_TASK DESCRIPTION_
In the listing below, find the line containing "ตึกนิเทศศาสตร์ ม.กรุงเทพ รังสิต" and the line containing "活动接近尾声,经过大家的精心". Repeat exactly those two lines and every line between them, nothing more.

_GIVEN INFORMATION_
============================================================

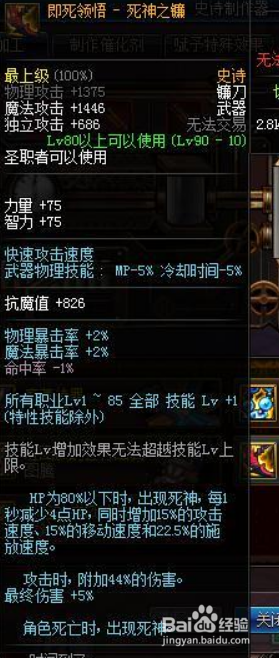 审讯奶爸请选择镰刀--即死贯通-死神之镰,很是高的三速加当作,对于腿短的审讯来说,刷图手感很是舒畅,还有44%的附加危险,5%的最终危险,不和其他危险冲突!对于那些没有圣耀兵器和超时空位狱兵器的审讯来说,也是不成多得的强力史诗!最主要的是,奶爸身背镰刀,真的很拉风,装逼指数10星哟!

============================================================

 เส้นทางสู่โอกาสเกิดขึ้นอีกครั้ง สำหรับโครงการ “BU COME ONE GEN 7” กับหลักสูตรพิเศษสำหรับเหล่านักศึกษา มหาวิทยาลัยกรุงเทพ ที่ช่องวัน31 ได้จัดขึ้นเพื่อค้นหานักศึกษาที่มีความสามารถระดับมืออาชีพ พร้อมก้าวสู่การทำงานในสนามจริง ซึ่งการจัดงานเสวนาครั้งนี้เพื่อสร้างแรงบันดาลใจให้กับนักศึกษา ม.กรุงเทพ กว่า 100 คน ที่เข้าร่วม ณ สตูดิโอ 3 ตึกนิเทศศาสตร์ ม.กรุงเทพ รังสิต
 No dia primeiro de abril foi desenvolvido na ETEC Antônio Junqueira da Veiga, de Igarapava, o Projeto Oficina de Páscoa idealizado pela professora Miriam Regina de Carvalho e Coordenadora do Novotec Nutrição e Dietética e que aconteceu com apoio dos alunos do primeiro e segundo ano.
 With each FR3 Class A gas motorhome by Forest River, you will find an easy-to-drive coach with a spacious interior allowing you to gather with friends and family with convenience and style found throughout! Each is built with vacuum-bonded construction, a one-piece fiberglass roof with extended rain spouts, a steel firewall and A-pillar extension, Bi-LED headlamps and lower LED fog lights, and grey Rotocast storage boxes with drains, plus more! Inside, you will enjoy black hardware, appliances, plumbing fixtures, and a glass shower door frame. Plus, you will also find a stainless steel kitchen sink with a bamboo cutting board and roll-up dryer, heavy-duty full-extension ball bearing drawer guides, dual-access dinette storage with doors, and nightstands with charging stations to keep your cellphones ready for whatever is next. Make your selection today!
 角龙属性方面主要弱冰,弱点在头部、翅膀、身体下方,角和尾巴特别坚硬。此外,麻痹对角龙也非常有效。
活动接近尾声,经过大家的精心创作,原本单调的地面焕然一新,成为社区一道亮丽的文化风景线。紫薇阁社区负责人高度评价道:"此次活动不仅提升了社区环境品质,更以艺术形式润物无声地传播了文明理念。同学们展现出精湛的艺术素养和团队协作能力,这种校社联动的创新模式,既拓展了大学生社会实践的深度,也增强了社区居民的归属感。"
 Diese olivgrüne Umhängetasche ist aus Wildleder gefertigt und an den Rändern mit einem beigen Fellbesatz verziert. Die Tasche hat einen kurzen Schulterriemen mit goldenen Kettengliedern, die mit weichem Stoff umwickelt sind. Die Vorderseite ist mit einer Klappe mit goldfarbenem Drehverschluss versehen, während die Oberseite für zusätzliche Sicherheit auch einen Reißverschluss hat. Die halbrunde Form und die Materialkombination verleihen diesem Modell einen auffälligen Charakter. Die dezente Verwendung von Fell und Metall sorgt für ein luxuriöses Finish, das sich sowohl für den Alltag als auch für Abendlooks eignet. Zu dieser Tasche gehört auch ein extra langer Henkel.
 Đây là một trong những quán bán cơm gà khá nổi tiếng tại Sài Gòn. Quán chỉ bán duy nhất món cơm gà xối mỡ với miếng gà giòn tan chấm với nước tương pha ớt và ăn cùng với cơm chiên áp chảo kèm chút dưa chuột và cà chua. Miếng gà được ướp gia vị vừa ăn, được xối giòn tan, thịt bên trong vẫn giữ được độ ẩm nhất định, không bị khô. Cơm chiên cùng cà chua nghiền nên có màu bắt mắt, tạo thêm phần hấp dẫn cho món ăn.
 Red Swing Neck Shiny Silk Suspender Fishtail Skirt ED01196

============================================================

_ANSWER AREA_
 เส้นทางสู่โอกาสเกิดขึ้นอีกครั้ง สำหรับโครงการ “BU COME ONE GEN 7” กับหลักสูตรพิเศษสำหรับเหล่านักศึกษา มหาวิทยาลัยกรุงเทพ ที่ช่องวัน31 ได้จัดขึ้นเพื่อค้นหานักศึกษาที่มีความสามารถระดับมืออาชีพ พร้อมก้าวสู่การทำงานในสนามจริง ซึ่งการจัดงานเสวนาครั้งนี้เพื่อสร้างแรงบันดาลใจให้กับนักศึกษา ม.กรุงเทพ กว่า 100 คน ที่เข้าร่วม ณ สตูดิโอ 3 ตึกนิเทศศาสตร์ ม.กรุงเทพ รังสิต
 No dia primeiro de abril foi desenvolvido na ETEC Antônio Junqueira da Veiga, de Igarapava, o Projeto Oficina de Páscoa idealizado pela professora Miriam Regina de Carvalho e Coordenadora do Novotec Nutrição e Dietética e que aconteceu com apoio dos alunos do primeiro e segundo ano.
 With each FR3 Class A gas motorhome by Forest River, you will find an easy-to-drive coach with a spacious interior allowing you to gather with friends and family with convenience and style found throughout! Each is built with vacuum-bonded construction, a one-piece fiberglass roof with extended rain spouts, a steel firewall and A-pillar extension, Bi-LED headlamps and lower LED fog lights, and grey Rotocast storage boxes with drains, plus more! Inside, you will enjoy black hardware, appliances, plumbing fixtures, and a glass shower door frame. Plus, you will also find a stainless steel kitchen sink with a bamboo cutting board and roll-up dryer, heavy-duty full-extension ball bearing drawer guides, dual-access dinette storage with doors, and nightstands with charging stations to keep your cellphones ready for whatever is next. Make your selection today!
 角龙属性方面主要弱冰,弱点在头部、翅膀、身体下方,角和尾巴特别坚硬。此外,麻痹对角龙也非常有效。
活动接近尾声,经过大家的精心创作,原本单调的地面焕然一新,成为社区一道亮丽的文化风景线。紫薇阁社区负责人高度评价道:"此次活动不仅提升了社区环境品质,更以艺术形式润物无声地传播了文明理念。同学们展现出精湛的艺术素养和团队协作能力,这种校社联动的创新模式,既拓展了大学生社会实践的深度,也增强了社区居民的归属感。"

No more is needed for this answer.